After keeping the benchmark rate at a record low 0.5 percent for almost a year to help pull the $200 billion economy out of recession, policy makers since June 2010 have raised borrowing costs by 4.75 percentage points. In 2011, Chile has boosted lending rates faster than any other major interest rate-setting economy tracked by Bloomberg except Belarus.
Wages, Jobs, Peso
After holding at 5.25 percent today, policy makers will raise the benchmark rate to 5.5 percent in August and 5.75 percent by year-end, according to the median estimate of 65 economists in a monthly central bank survey published July 12.
Annual inflation will end 2011 at 4 percent, according to the survey, which matches the central bank forecast published June 20. The bank, whose target range is 2 percent to 4 percent, cut its 2011 forecast from 4.3 percent in April.
Since June 14, when policy makers last met, two-year breakeven inflation, which reflects views of average price increases, has declined 35 basis points to 3.21 percent at 11:33 a.m. New York time.
Inflation forecasts have declined because of higher interest rates, government efforts to cut planned spending by 0.4 percent of gross domestic product and a decrease in global price pressures, according to Finance Minister Felipe Larrain, a non-voting member of the central bank board.
“The news since the last monetary policy meeting indicates inflationary pressures are falling,” Selaive said. “We’ve had a decline in salary growth, a decline in the rate of job creation, a decline in retail sales growth and a major appreciation of the exchange rate.”
‘Space for Pauses’
Consumer prices climbed 0.2 percent in June, the national statistics agency said July 8, lower than the 0.3 percent median estimate of 15 analysts surveyed by Bloomberg, and half the 0.4 percent pace recorded in May.

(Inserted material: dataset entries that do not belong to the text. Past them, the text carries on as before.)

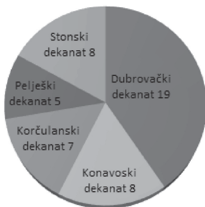
Slika 1: Župne crkve, kapele i samostani s titularom sv. Nikole po dekanatima Dubrovačke biskupije

Stonski dekanat: Lisac - Gospa od Rozarija: Sv. Nikola u Trnovici (kasnosrednjovjekovna crkva); Ošlje - Župa sv. Roka: Sv. Nikola na Gorici (srednjovjekovna); Ponikve - Župa sv. Ivana Krstitelja: Sv. Nikola u Boljenovićima (15. st.); Sv. Nikola u Dubi (1464.); Ston - Župa sv. Vlaha; franjevački samostan sv. Nikole (1347.) 42 ; Sv. Nikola u Česvinici (16. st., 1997.); Maranovići - Župa sv. Antuna Opata; Sv. Nikola u Okuklju (1626. - 1667.). 43
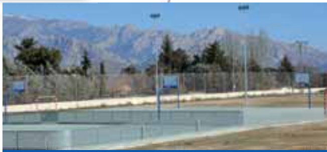
Nuevas pistas polideportivas. Ya están terminadas las dos nuevas pistas polideportivas al aire libre. Baloncesto, balonmano, fútbol sala... y una de ellas dedicada a patinaje.
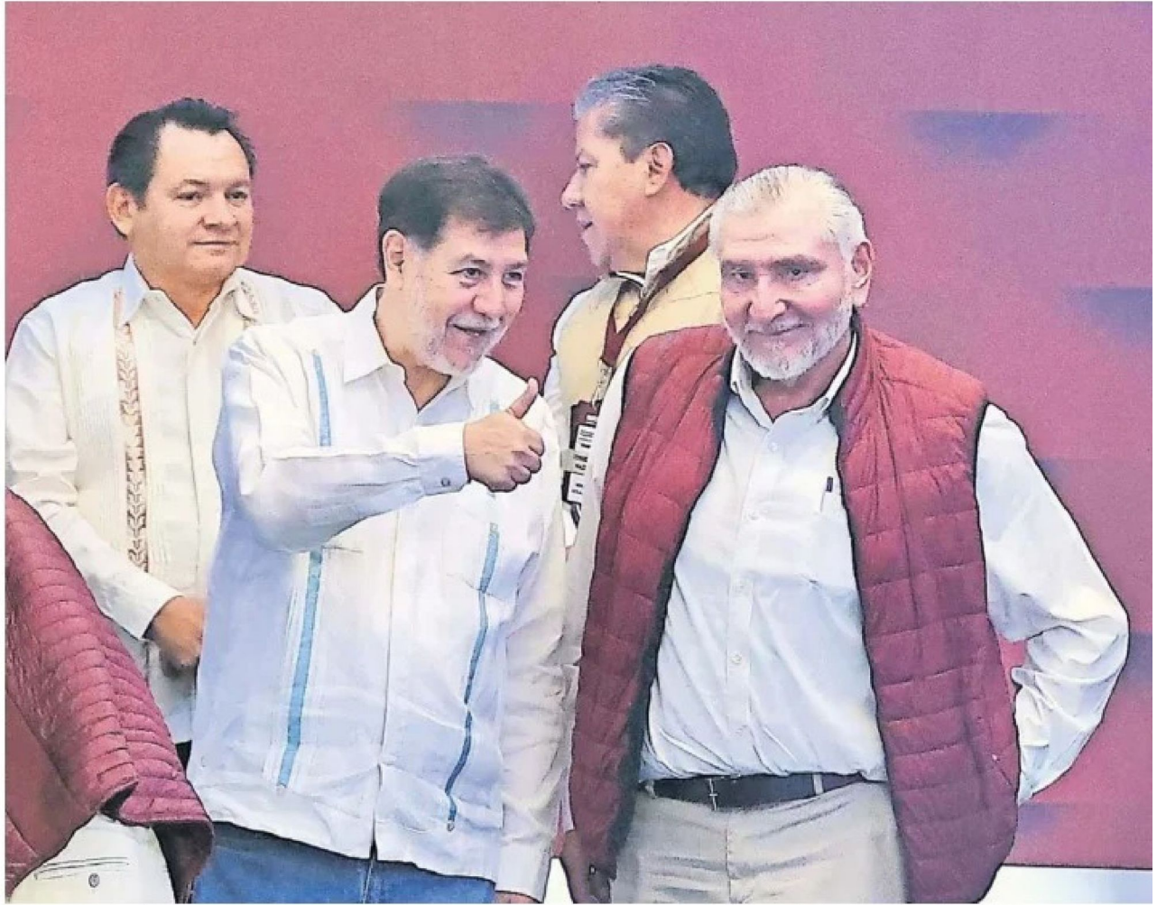
En el inicio de la sesión del Consejo Nacional de Morena, Adán López Hernández recibió el espaldarazo del partido.
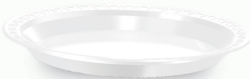
PRATO TRANSPARENTE BIODEGRADÁVEL Ø PR- 15

Prices rose 0.8 percent in March.
“With these lower-than-estimated increases, and as inflation expectations moderate, there could be space for pauses,” Larrain told reporters after the report. “My personal vision is that we’re very close to the end of the process of returning the monetary policy rate to normal.”
Unemployment rose to 7.2 percent in the three months through May from 7 percent through April as salaries declined 0.1 percent in May from the previous month, the Statistics Institute reported June 30 and July 7 respectively.
Retail sales growth, which averaged 16 percent in the first quarter, decelerated to 8.7 percent in April and 8.5 percent in May from last year, the institute said June 29.
The peso has appreciated 5.8 percent against the dollar in the past six months, the third-best performance among the seven major Latin American currencies tracked by Bloomberg after Brazil’s real and Colombia’s peso. A stronger peso can reduce the price of imports.
In trading today, the currency rose 0.1 percent to 462.65 per dollar at 11:57 a.m. from 462.95 yesterday.
To be sure, the central bank eventually will raise interest rates around levels that would neither stimulate nor constrict economic growth and consumer prices, De Gregorio told senators on June 20.
“Monetary policy must be located around its neutral level,” De Gregorio said in prepared remarks. “The best advice is to continue removing the monetary stimulus. The timing of such changes will have to be revised meeting to meeting, including pauses to evaluate the effects of the adjustments on the economy.”